1 archaic or derogatory A person born of parents not married to each other.
Example sentences
  • He talked to him and convinced him that this wedding should take place as soon as possible because his bride does not want their son to be born a bastard.
  • I am merely a bastard, born to one of his secondary wives.
  • To his warped mind it appeared that his natural father had robbed him of his rightful inheritance by having him born a bastard, and this whole affair was no more than the result of his terrible revenge!
illegitimate child, child born out of wedlock
dated love child, by-blow
archaic natural child/son/daughter
2 informal An unpleasant or despicable person: he lied to me, the bastard!
More example sentences
  • So we like to judge our actions as those of good people dealing with ‘the real world’, instead of as natural bastards doing what bastards do naturally.
  • The bastards won't change their behaviour until their business goes under because all the good workers have gone to good employers.
  • As last time, we were all a little fatter, balder and/or greyer, apart from the bastards who hadn't changed at all.
scoundrel, villain, rogue, rascal, brute, animal, weasel, snake, monster, ogre, wretch, devil, good-for-nothing, reprobate, wrongdoer, evil-doer;
Spanish picaro
informal scumbag, pig, swine, louse, hound, cur, rat, beast, son of a bitch, s.o.b., low life, skunk, nasty piece of work, ratbag, wrong 'un
British informal git, toerag, scrote
Irish informal spalpeen, sleeveen
North American informal fink, rat fink
West Indian informal scamp
Australian/New Zealand informal dingo
informal, dated cad, heel, rotter, bounder, bad egg, bad lot, dastard, knave, stinker, blighter
archaic blackguard, miscreant, varlet, vagabond, rapscallion, whoreson
vulgar slang sod, bugger, shit, fucker
North American vulgar slang fuck, motherfucker, mofo, mother
2.1 [with adjective] British A person of a specified kind: he was a lucky bastard
More example sentences
  • I'm desperate to see whether Yoichi finally gets a lucky break - poor little bastard.
  • Then Stan sent me this, probably the most unfortunate of all, poor bastard!
  • If that's all you have to worry about, Tom, then you are one lucky bastard.
2.2British A difficult or awkward undertaking, situation, or device: it’s been a bastard of a week
More example sentences
  • I've read about 100 pages these last two days and gotten a bastard of a headache for my troubles.
  • After all my rabbiting on about the foolishness of those plebs who choose to spurn the way of the Proper Bow Tie, I've had a bastard of a time for the last couple of days figuring out how the heck you actually tie one.
  • Of course, next time I post I'll probably be sitting here nursing a bastard of a hangover and a misanthropic grudge against the universe as per usual, so make the most of it.

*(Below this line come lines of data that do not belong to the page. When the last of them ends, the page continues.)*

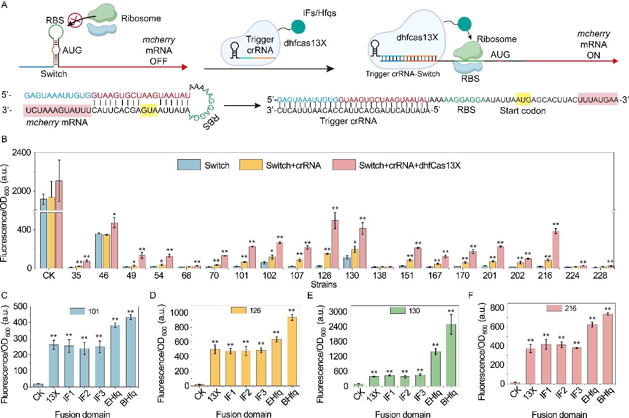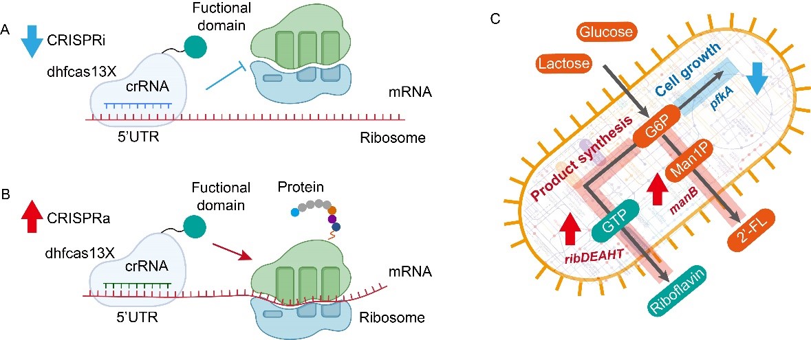 目前,国际上已开发了多种基因表达调控工具用于精细调节细胞工厂的代谢流,从而提高目标产物的合成效率。在众多代谢调控工具中,CRISPR-Cas系统因其能够同时激活和抑制基因的表达,且具有高精度、多功能性和可编程性强的优点,应用最为广泛。其中研究最多的为Cas9和Cas12a系统,然而,它们只能在转录水平上调节基因表达。与转录调控相比,翻译调控响应速率更快,并可独立调控细菌多顺反子中各个基因的表达。Cas13系统是一类靶向RNA,能够在翻译水平调控基因表达的CRISPR-Cas13系统。然而,基于Cas13系统所开发的表达调控工具仍然较少,且存在调控效果较差的问题。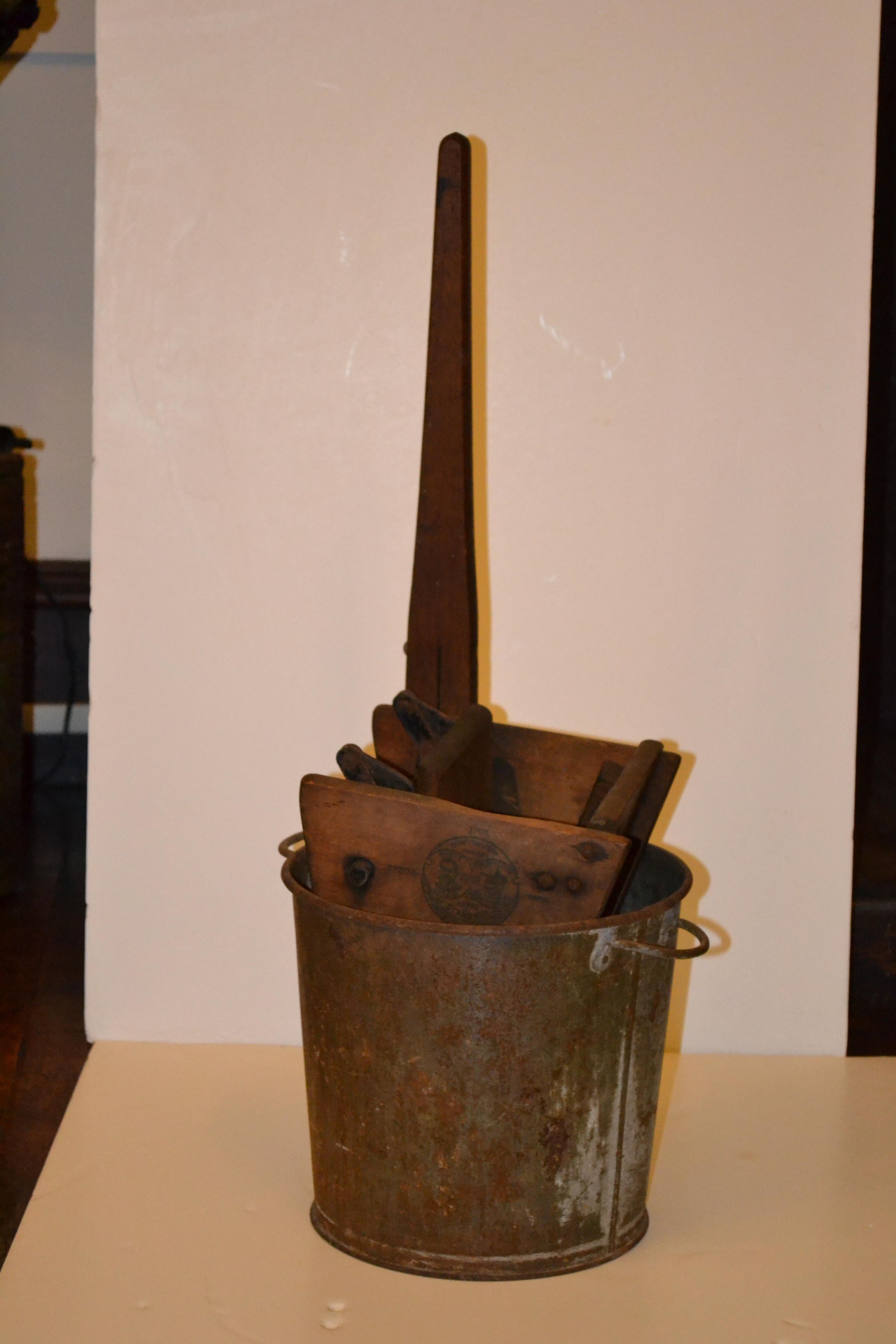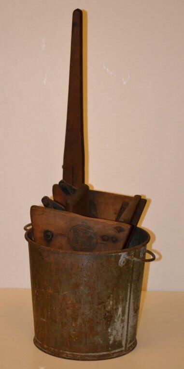 26 inches from base to handle tip x 9 inches. Made to fit into bucket so mop can be wrung out. Mostly wood with moveable parts made of black painted metal, mostly chipped. Advertising stamped in blue on many wooden parts. Original Inscription: MFG.D BY WHITE MOP CO. FULTONVILLE, N.Y. NO. 2 PUSH THE MOP IRON AND ALL FIRMLY DOWN INTO WRINGER.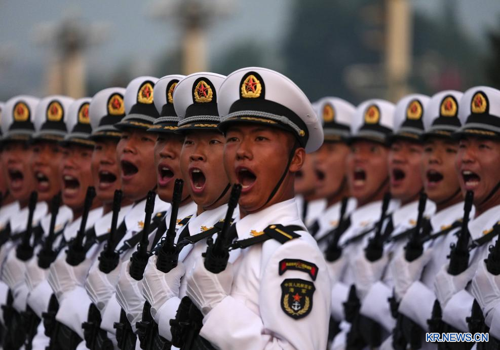 [신화망 베이징 9월3일] '중국인민항일전쟁 및 세계반파시스트전쟁 승리 80주년' 기념대회가 3일 베이징에서 성황리에 열린다. 사진은 기념대회 시작 전에 사열 받는 부대가 준비하고 있는 모습. pagebreak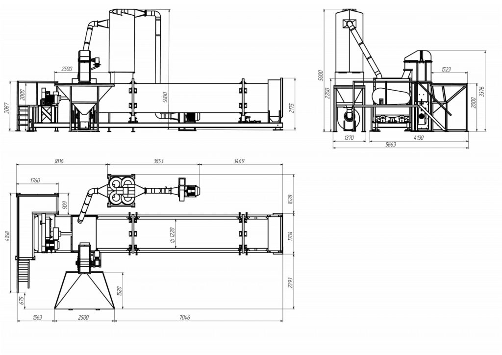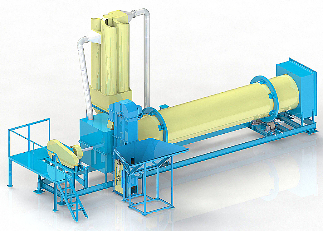 Барабан представляет собой агрегат на опорах вращательного типа, с устройствами для погрузки продукта и его выгрузки (расположены с разных сторон корпуса), установкой циклонного типа, газоходом (с дымососом или без него), а также системой управления и контроля. Последняя в зависимости от модели машины может быть полностью автоматической.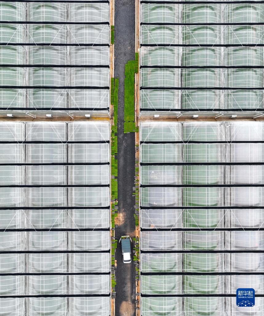 4月12日,在湖南省永州市道縣營(yíng)江街道濂南村農業(yè)綜合服務(wù)中心育秧基地,村民將早稻秧苗裝車(chē)(無(wú)人機照片)。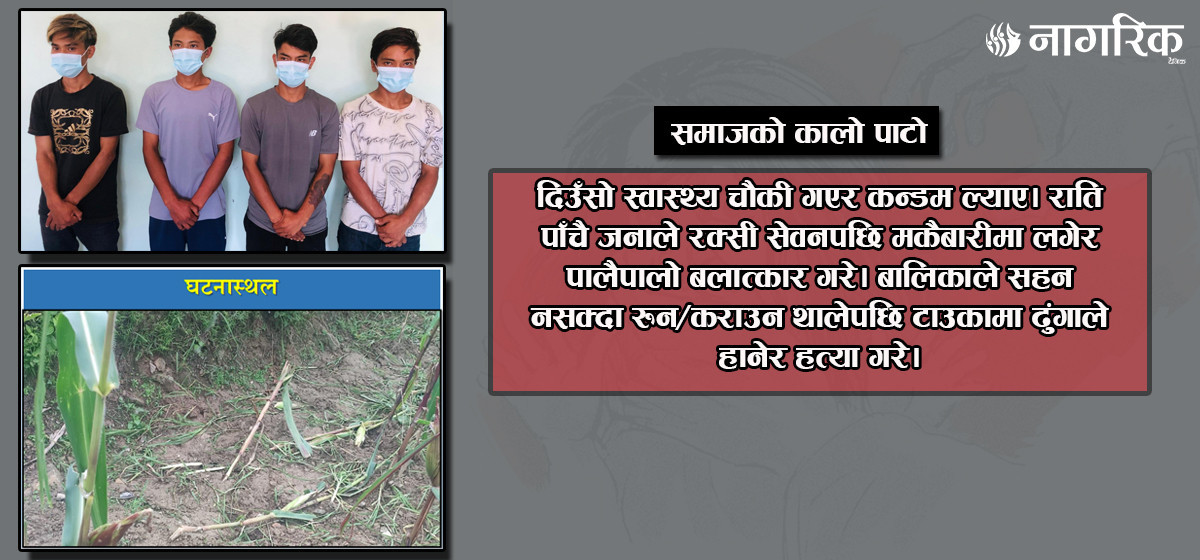 ‘त्यो दिन उनीहरू दिउँसो स्वास्थ्य चौकी गएर कन्डम ल्याए। राति पाँचै जनाले रक्सी सेवन गरे,’ एसपी कार्कीले भने, ‘त्यसपछि मृतक बालिकालाई मकै बारीमा लगेर पालैपालो बलात्कार गरेको देखिन्छ।’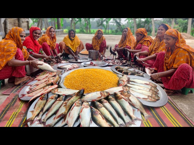 12 village women processing, cutting & cooking carp fish curry with pulse Daal to feed 450+ people of village.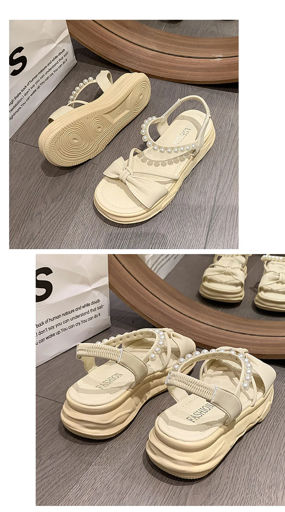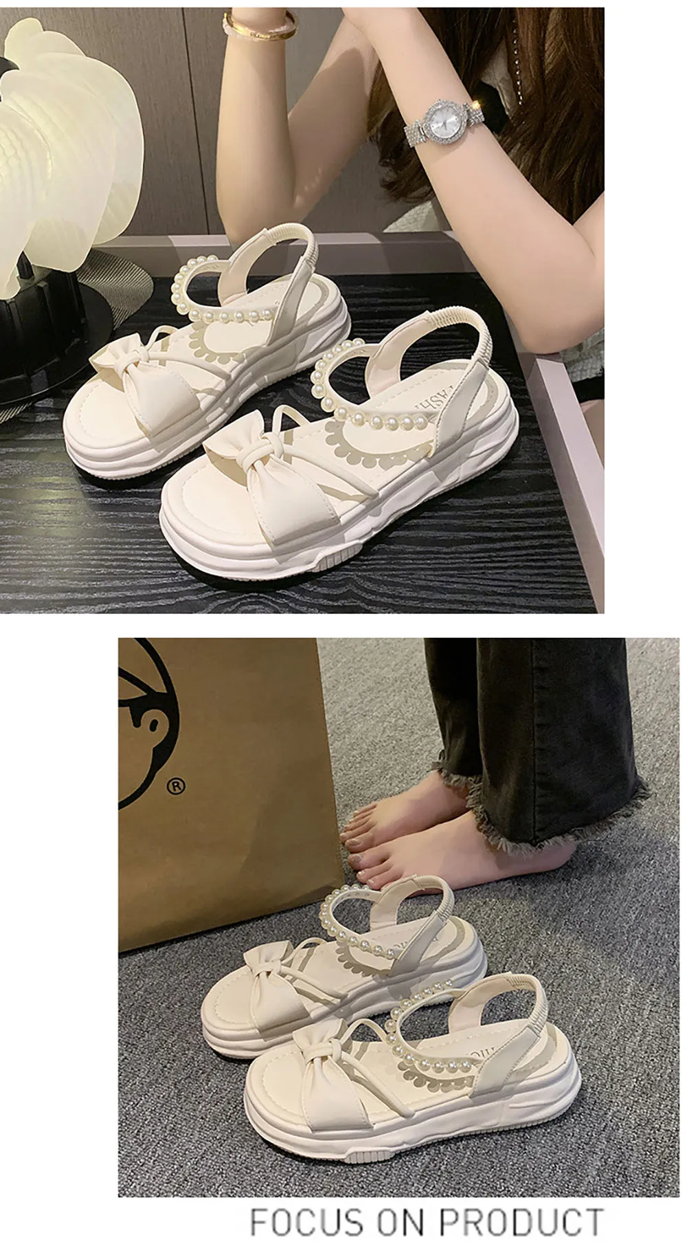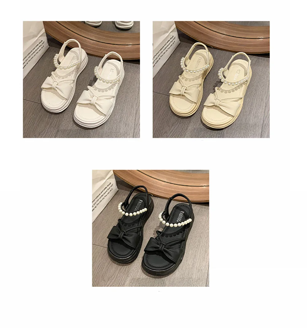 Korean Style Summer Sandals For Women Pearl Chains Travel Beach Footwearn Anti-slippery Women's Princess Shoes Summer Sandals

1 archaic or derogatory Born of parents not married to each other; illegitimate: a bastard child
More example sentences
  • While the first movie does have more of an adult theme to it (uh, she birthed a bastard child from a married family man), the last two lend themselves to more of a family audience.
  • An insolent stranger makes an unexpected appearance in Tara's house claiming to be her illegitimate nephew (the bastard son of Padma).
  • After all, it would be disastrous if the people ever found out that she had a bastard child born out of wedlock.
illegitimate, born out of wedlock
archaic natural
2(Of a thing) no longer in its pure or original form; debased: a bastard Darwinism
More example sentences
  • I'm guessing that the bug I swallowed this morning was a hybrid of sorts, a bastard child conceived of a drunken cricket and a desperate ladybug.
  • And speaking of which, after a fashion, experiments with new routes into work took me past Chariots, which looks from the outside like the bastard lovechild of a Greek restaurant and an auto repair shop.
  • Along the way, however, the reader gets a crash course in early comic strips, and it is within the literary tradition of this bastard medium that he defiantly sets his work.
hybrid, alloyed;
adulterated, impure, inferior
2.1(Of a handwriting script or typeface) showing a mixture of different styles.
Example sentences
  • It’s a bastard typeface, each character stands alone as an independent angular structure.
  • Text occupies a single column in a bastard typeface, while the title-page uses a mixture of bastard and roman type (the latter for Latin text), and of black and red lettering.
  • The Bastard Secretary Hand represents a variation of the Bastard hand, a reform of the court hand, developed in the early 14th century in an attempt to reform the by-now deteriorated standard court hand.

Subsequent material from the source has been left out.